8.7 KiB
Security, Data Protection, and CDC Guide
Complete guide for security, data protection, and change data capture in SAP Data Intelligence.
Table of Contents
Security Overview
Responsibility Model
SAP Data Intelligence Role: Data processor User Role: Data owner and responsible for:
- PII (Personally Identifiable Information) security
- Regulatory compliance
- Audit trail configuration
Design-Time Security
Trace Logs:
- Modeler produces trace logs with design-time artifacts
- Solution files and pipeline descriptions included
- Do not embed sensitive information in these objects
Connection Management:
- Use Connection Manager for credentials
- Avoid hardcoding sensitive data in operators
- Leverage secure credential storage
Network Security
Cloud Connector:
- TLS encryption for on-premise communication
- Virtual host mapping
- IP restrictions available
Principal Propagation:
- SSO via Cloud Connector
- Certificate-based authentication
- User context preservation
Data Protection
PII Handling Guidelines
- Identify PII: Document all PII fields in data flows
- Minimize Collection: Extract only necessary data
- Mask Sensitive Data: Apply masking/anonymization
- Secure Storage: Encrypt data at rest
- Access Control: Implement authorization checks
Data Masking Operators
| Operator | Purpose |
|---|---|
| Data Mask | Apply masking patterns |
| Anonymization | Hash, shuffle, generalize data |
| Validation Rule | Verify data quality |
Anonymization Techniques
Original: john.doe@company.com
Masked: j***@c***.com
Hashed: SHA256(email + salt)
Generalized: user@domain.com
Encryption
In Transit:
- HTTPS for all communications
- TLS 1.2+ required
- Certificate validation
At Rest:
- Storage-level encryption
- Key management integration
- Customer-managed keys (where supported)
Audit Logging
Responsibility Model
SAP Data Intelligence Platform Logs (DI-native):
- Platform-level access events (user login/logout)

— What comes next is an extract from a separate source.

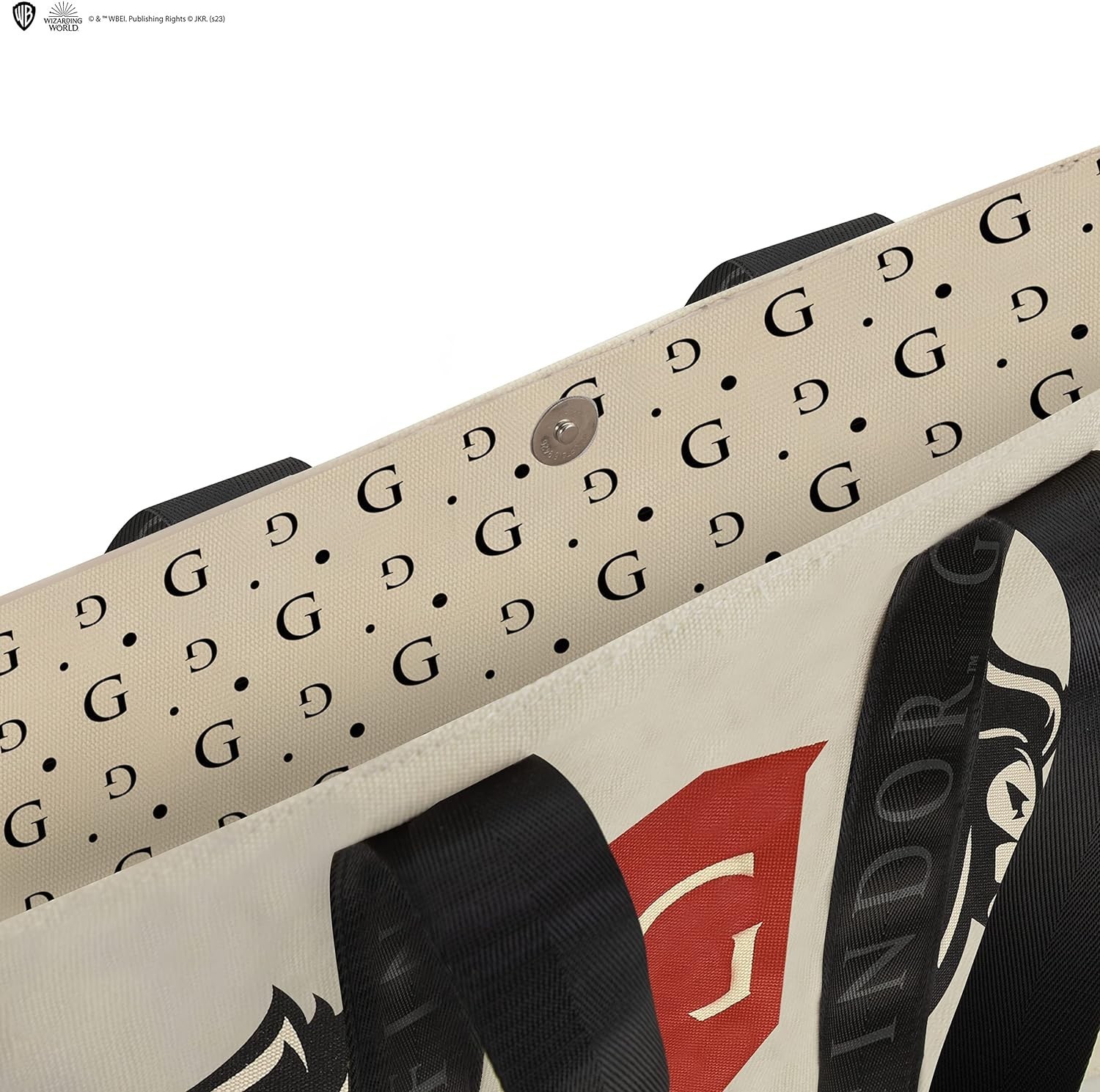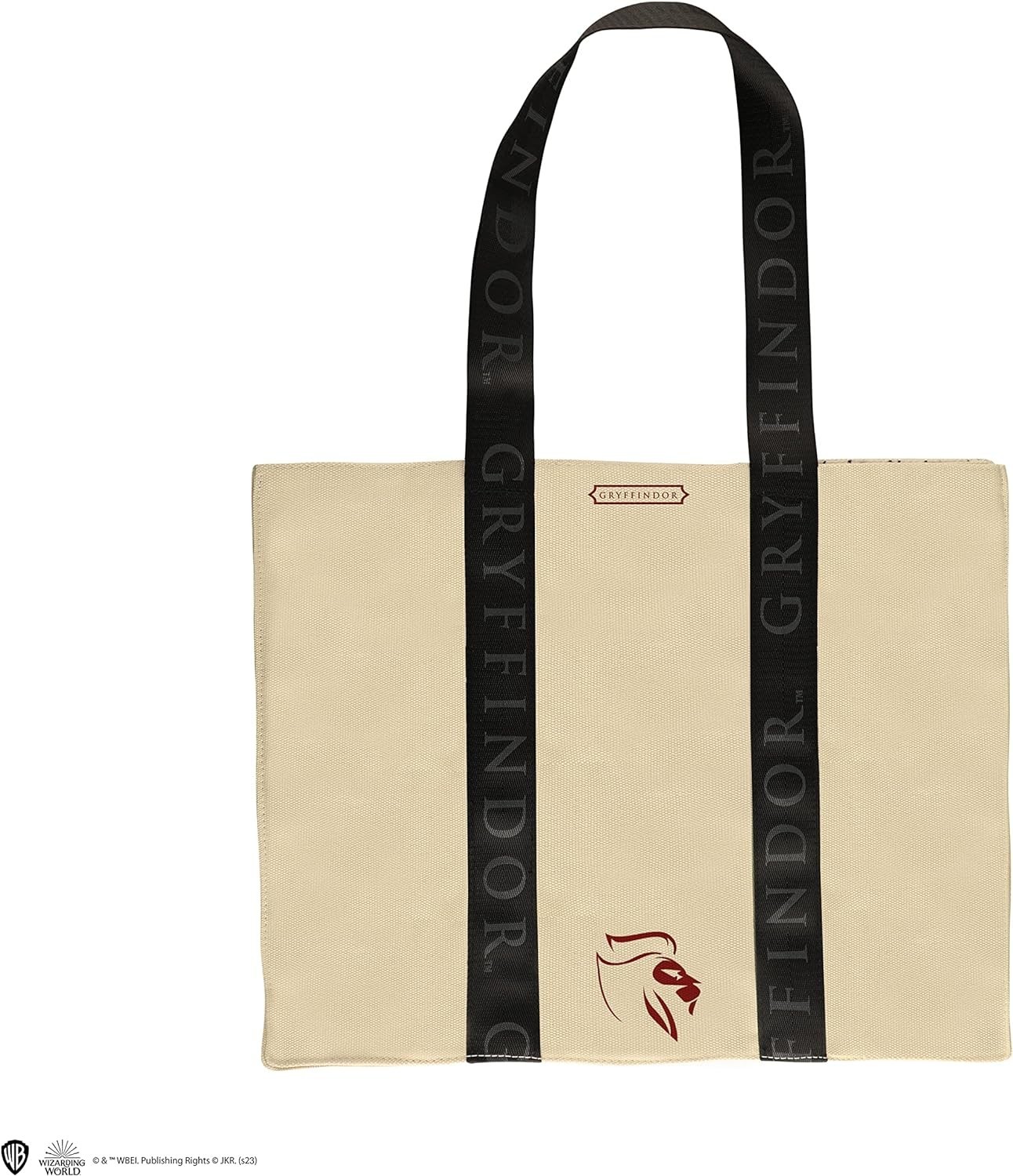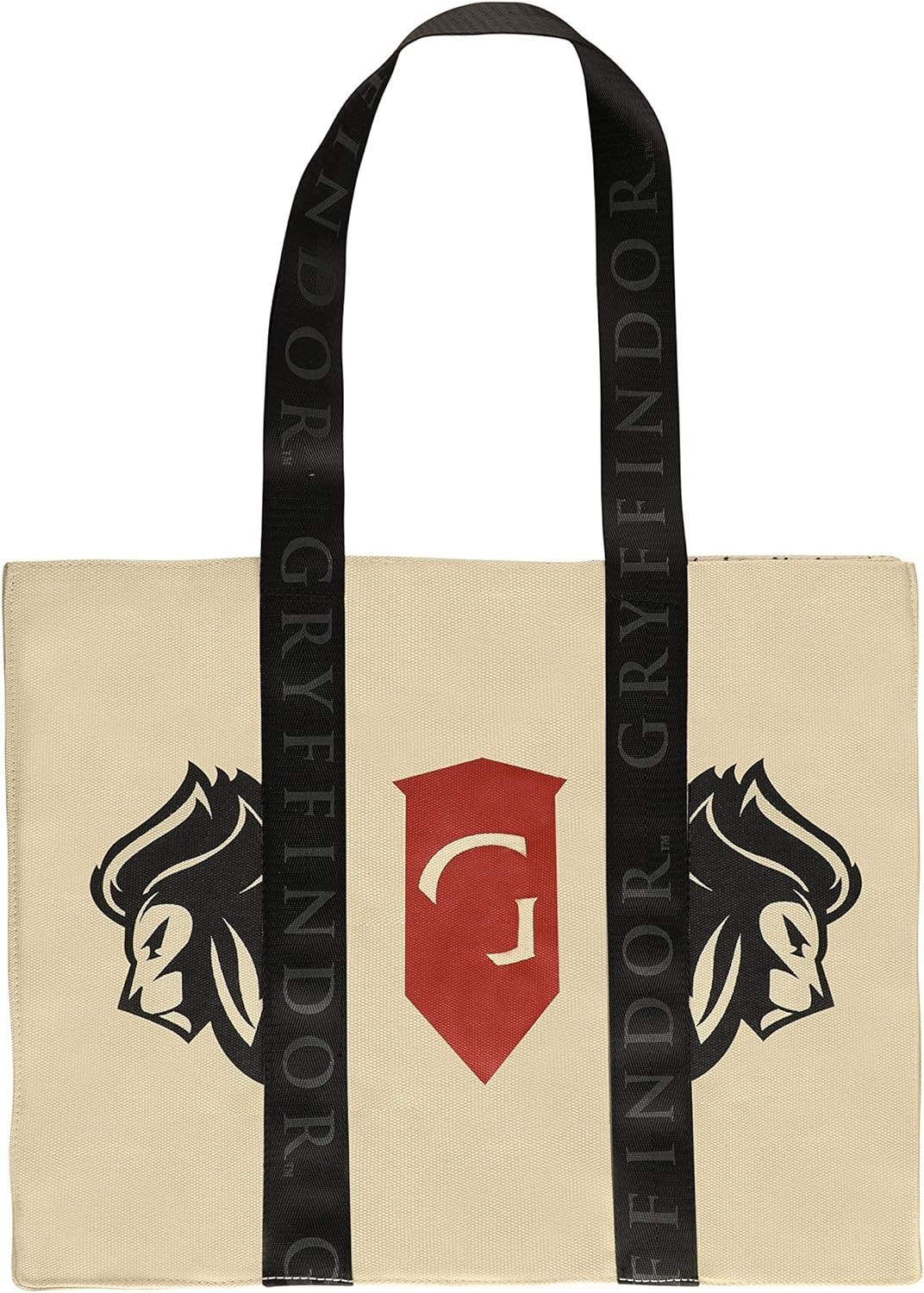 La casa de Hogwarts de escudo rojo y amarillo responde al nombre de Gryffindor, y fue a la que pertenecieron Harry, Ron y Hermione. Ahora, gracias a Cineréplicas podrás tener una bolsa tote hecha de algodón y poliéster de Gryffindor. Tiene varias serigrafias con el león símbolo de la casa y las cintas son de color negro. Es elegante y robusta y te servirá para llevar todo lo que necesites en tu día a día o en una excursión por los terrenos de Hogwarts. Es un producto oficial del Wizarding World. Luce con orgullo el símbolo de tu casa mágica y deja que la magia de Harry Potter te acompañe siempre.
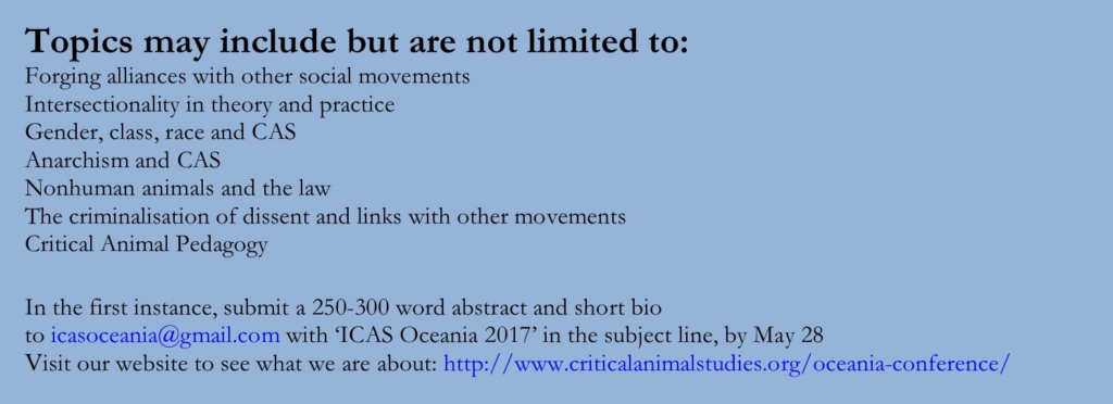 Alliance building across social movement groups is an important aspect of social movement dynamics, contributing to their capacity to promote social change for both nonhuman and human animals. Within the Oceanic region of the animal liberation movement, forging alliances and building an awareness of intersectionality is crucial, yet remains scarce within activist communities. No one group an achieve liberation on its own, or emancipate other oppressed communities, making alliance building vital. This conference seeks to foster new discussions on how to forge alliances and raise awareness of intersectionality within a Critical Animal Studies framework. Understanding what inspires and facilitates collaboration and how movements form alliances, or fail to do so, is a crucial aspect of achieving social change at a broader level.

- User actions (pipeline creation, modification, execution)
- System configuration changes
- API access attempts
Customer-Configured Logs (upstream/downstream systems): SAP Data Intelligence does not generate audit logs for:
- Sensitive data inputs from source systems
- Data transformations applied to PII/sensitive data
- Data outputs written to target systems
You must configure source and target systems to generate audit logs for data-level operations. This is required because DI processes data in transit but does not independently track individual data record access.
Recommended Logging Events
| Event Category | Examples |
|---|---|
| Security Incidents | Unauthorized access attempts |
| Configuration Changes | Pipeline modifications |
| Personal Data Access | PII field reads |
| Data Modifications | Updates to relevant datasets |
Compliance Considerations
GDPR Requirements:
- Right to access
- Right to erasure
- Data portability
- Breach notification
Implementation:
- Document data flows
- Configure audit logging in source/target systems
- Maintain data lineage
- Implement retention policies
Administration Guide Reference
See SAP Data Intelligence Administration Guide for:
- DPP (Data Protection and Privacy) configuration
- Audit log setup
- Compliance reporting
Change Data Capture (CDC)
Overview
CDC enables tracking changes in source systems for incremental data loading.
Terminology
Cloud Data Integration (CDI): An internal component of SAP Data Intelligence that provides connectivity and data movement capabilities. CDI performs polling-based change detection by periodically querying source systems for modified records.
CDC Approaches
| Approach | Technology | Description |
|---|---|---|
| Trigger-based | Database triggers | Insert/Update/Delete tracking |
| Polling-based | Cloud Data Integration (CDI) | Periodic change detection via scheduled queries |
| Log-based | Transaction logs | Real-time change capture |
Supported Databases (Trigger-based)
- DB2
- SAP HANA
- Microsoft SQL Server (MSSQL)
- MySQL
- Oracle
CDC Operators (Deprecated)
Table Replicator V3 (Deprecated):
- Simplifies graph creation for trigger-based CDC
- Manages trigger creation and change tracking
CDC Graph Generator (Deprecated):
- Automates SQL generation for database-specific triggers
- Reduces manual effort per table
Cloud Data Integration CDC
Cloud Data Integration (CDI) uses polling-based CDC technology:
- Periodic checks for changes
- No trigger installation required
- Suitable for cloud sources
Replication Flow CDC
For modern CDC implementations, use Replication Flows:
- Built-in delta support
- Multiple source types
- Cloud-native approach
Delta Indicators in Replication: (Used in Replication Flows to mark data changes)
| Code | Meaning |
|---|---|
| L | Initial load row |
| I | New row inserted |
| U | Update (after image) |
| B | Update (before image) |
| X | Deleted row |
| M | Archiving operation |
Note: Delta indicators are system-generated by Replication Flows when CDC is enabled. They apply across all supported source types (see Supported Databases section). Downstream operators or target systems can filter on these codes to handle different change types distinctly.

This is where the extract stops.